What syllabus should I use when preparing for my CRT exam?

Candidates planning to take the CRT exam should refer to this syllabus.

Is there an expiry date for my CRT certification?

Yes. It remains valid for 3 years from the date you sat the exam. 

Are there any training courses available to help me prepare for the exam?

CREST Training Partners are in the process of updating their course material and will be added to the training webpage when ready. Lab based training is also available.

Where can I take the CRT exam?

Then CRT exam is available in selected Pearson VUE Test Centres across the globe. Book online your exam now via the Pearson VUE website

Exam structure

How long is the exam?

The exam duration is 2.5 hours and candidates will be given an additional 15 minutes for reading time. 

What is the format of the CRT exam?

The exam is a practical assessment consisting of multiple choice, short form and trophy answers. 

When will I get results?

The exam will be auto-marked and the results sent within 5 working days. 

How will I sign the CREST Code of Conduct and NDA?

You will be required to sign both when booking the CRT exam at Pearson VUE. 

Is CREST Practitioner Security Analyst (CPSA) certification still a pre-requisite to sit the CRT exam?

Yes, you must have a valid CPSA certification to sit the CRT. 

Is the CRSA certification still available?

The CRSA certification was part of a pilot program and has been renamed as the CRT exam.

Special Accommodations

Candidates must contact the CREST support team at least 2 weeks before the potential exam date with a formal medical report from a qualified medical practitioner specialising in the particular condition. Candidates should register an account with Pearson VUE but not book an exam date until the accommodation request has been processed. For more information please contact [email protected].

Pearson VUE test centres and exam day

What am I allowed to take into the Pearson VUE Test Centre?

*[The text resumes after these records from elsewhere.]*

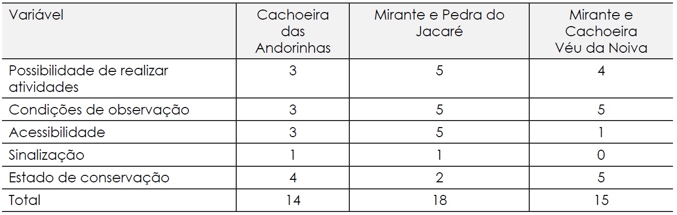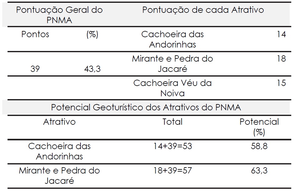 Ressalta-se, portanto, a importância do levantamento, valoração e divulgação de ações voltadas à geoconservação via potencial geoturístico do PNMA (Tabela 3).
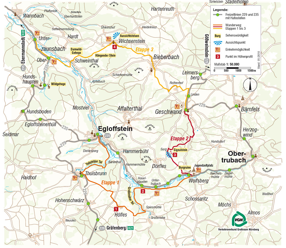 Von hier aus können Sie mit dem Wildpark-Express 235 nach Ebermannstadt RB 22oder nach Egloffstein fahren, wo Sie weitere Anschlussmöglichkeiten haben 229.
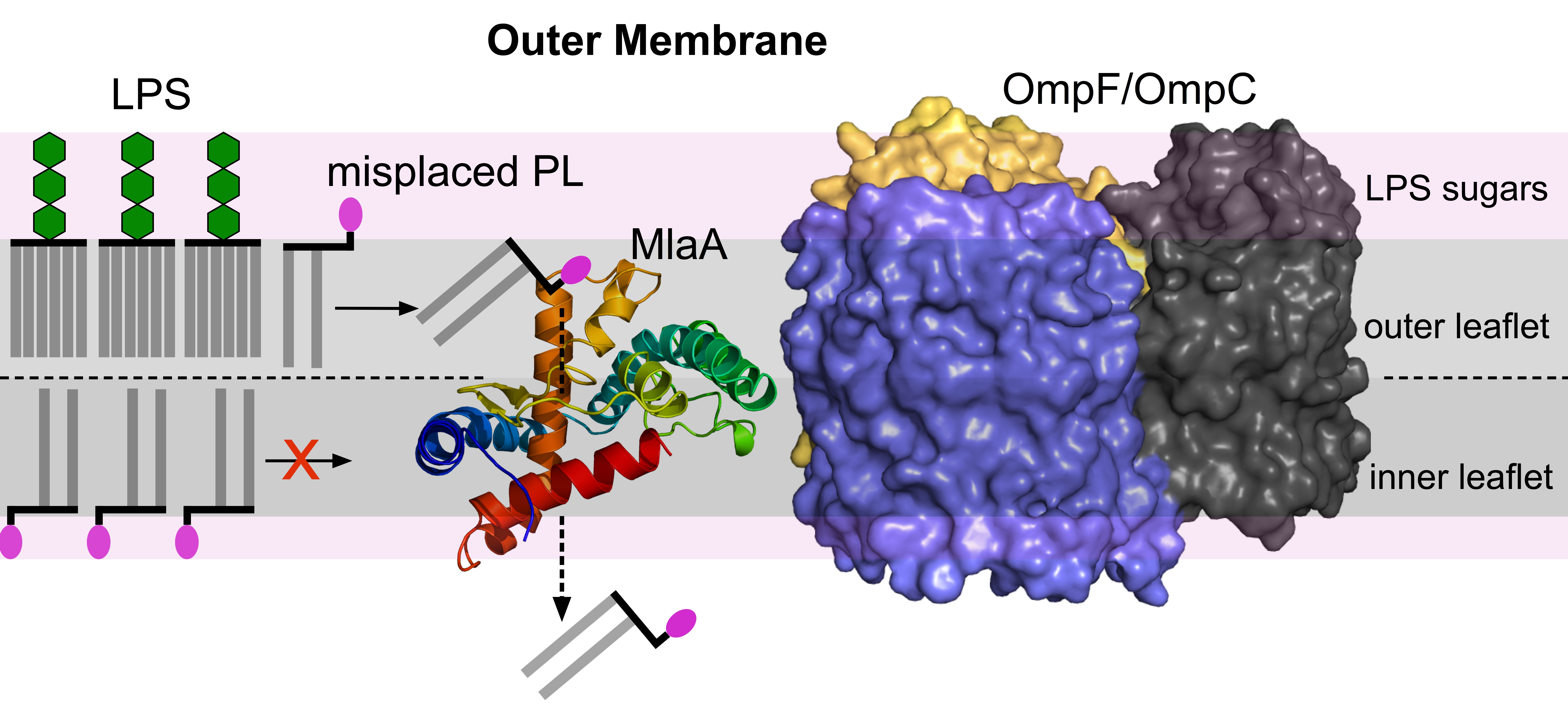 Figure 2. Representation of the OM with the structural model of MlaA showing the removal of PLs from the outer leaflet.
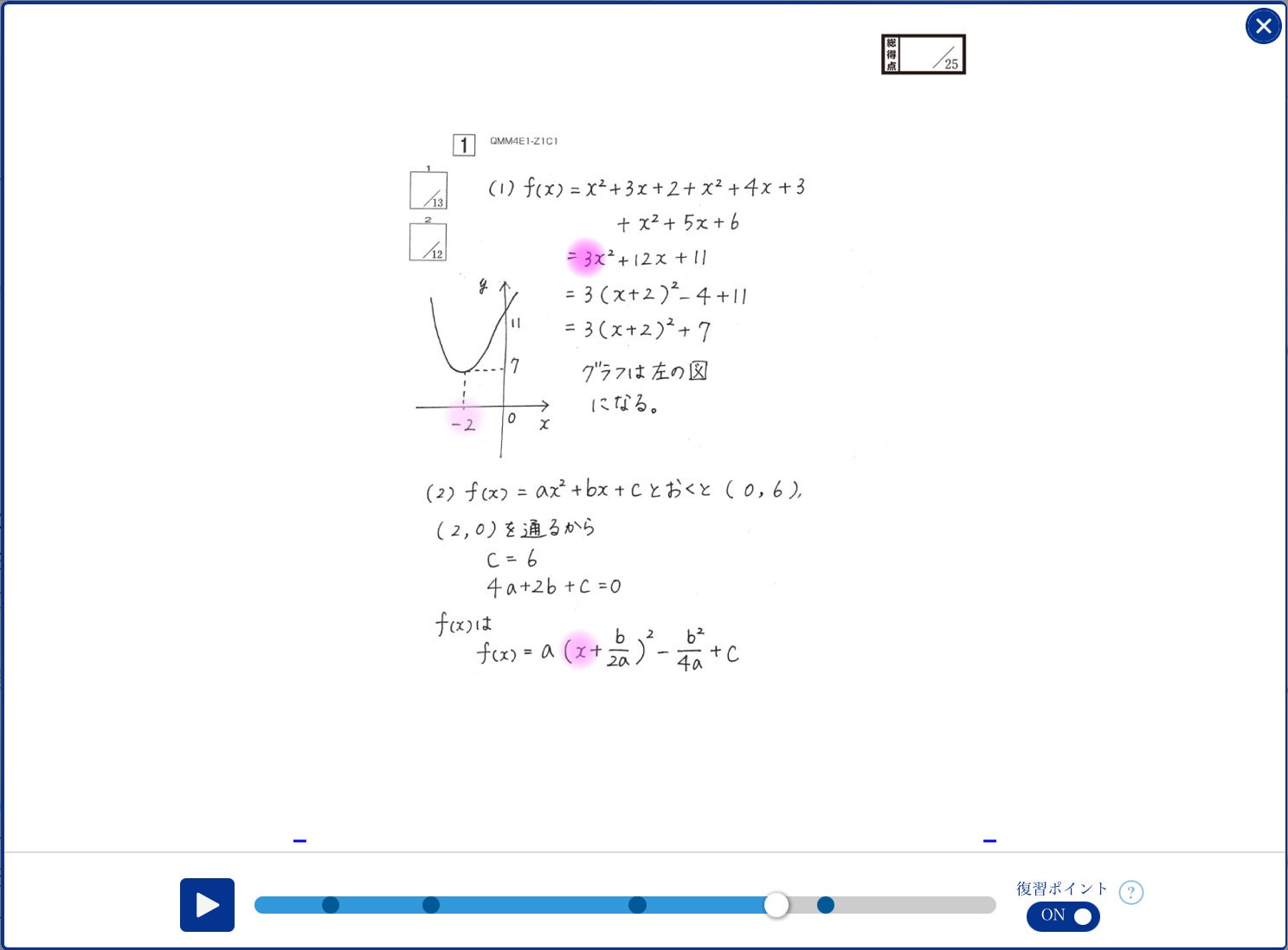 このたび、学習者が作成した答案の筆跡データを取得・解析することで、答案の復習の効果・利便性のさらなる向上を実現します。30秒ほどの筆跡データに圧縮して再生する動画を通して、学習者は自身が作成した答案の作成過程を振り返ることができるようになります。また、筆跡データの解析を通して答案の作成に時間を要した箇所を把握し、復習に活かすことができるようになります。

  • Electronic items such as mobile phones, smart watches, ear buds etc will not be permitted to be taken into the exam. You will be required to surrender all electronic items and potentially other personal items. Lockers will be provided. 
  • However, in order to allow candidates to familiarize themselves with the tooling available in the exam environment, a virtual machine is available here. The virtual machine will host a version of Kali Linux that can be used to perform all required tasks within the exam. This machine has a large number of tools installed, including licensed versions of Nessus Professional and BurpSuite Professional. 
  • Pearson VUE Comfort Aid List 

I already have a Pearson VUE login, can I use that to book?

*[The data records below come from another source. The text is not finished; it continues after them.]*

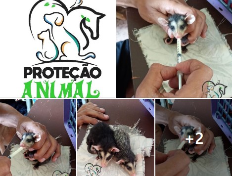 Fui chamado por uma amiga para socorrer dois filhotes de gambá, que foram encontrados por um rapaz, onde a mãe estava morta com outros 3 pequenos, e apenas esses dois estavam vivos.
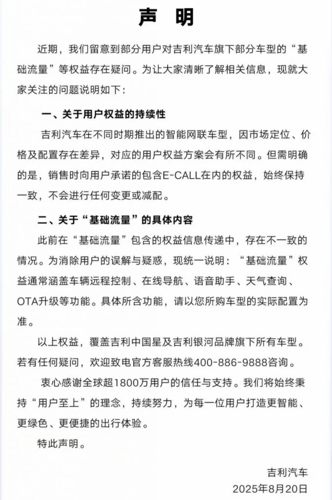 8 月 20 日,不少吉利车主最近在纠结车子 “基础流量” 到底包含啥权益,针对这个疑问,吉利汽车专门发了份声明给大家一个说法。
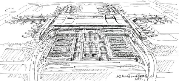 该工程是中建西北院建院以来合同额第一大单。其规模宏大、难度高深、内容复杂,具有极强的工艺性和综合性。建设规模约112万平方米,其中航站楼约70万平方米,综合交通中心约42万平方米。设计内容涵盖了规划、建筑、工艺、交通、结构、给排水、暖通、电气等专业及景观、消防、幕墙、内装、机电设备、行李系统、登机桥以及桥载设备、捷运系统等专项设计。
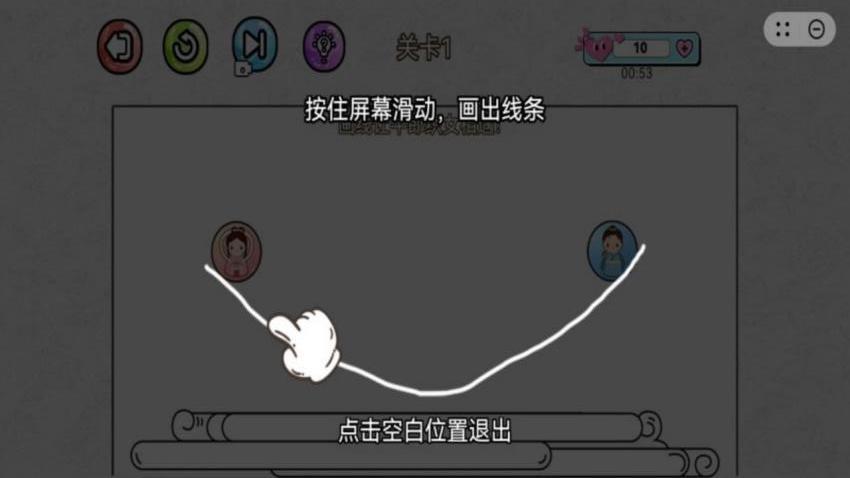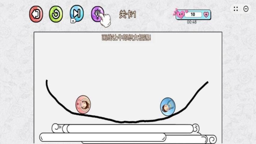 5、支持牛郎织女游戏,您需要通过画线的方式帮助两个角色相遇,成功相遇就挑战成功

Yes. You can only book the CREST CRT exam through a Pearson VUE account. Please follow the link to set up an account if you have not already done so: Pearson VUE.

What if I run out of time in the exam?

  • If you do run out of time, or forget to save, then your exam will be auto submitted. 
  • You will be provided with a 5-minute warning notification .

What Identification Document (ID) do I need?

You need to bring two forms of government issued IDs one of which must have a picture. Most candidates bring their passport and the driver’s licence. No photocopies will be accepted. Please see the following link for more detailed information: English (pearsonvue.com) 

Are there any tips for the exam day?

Pearson VUE provides relevant information for candidates via their resource hub: helpful resources for test-takers

What can I expect on the day?

  • You will need to arrive at least 15 minutes before your exam starts to allow time to complete the sign in process.
  • Don’t forget to bring your two forms of government issued IDs. 
  • Access to the Kali virtual machine desktop will be provided via the Peason VUE secure browser. 
  • You need to use this Kali virtual machines to perform the required testing. All required tooling is pre-installed into this virtual machine.
  • The virtual machine has no access to the internet; therefore, you won’t be able to update, download any tools, download notes, search blogs etc. 
  • It might take 30-60 seconds to load the virtual machine into the Peason VUE secure browser and this is perfectly normal. 
  • You won’t be able to copy and paste between the Kali virtual machine and the examination answer window.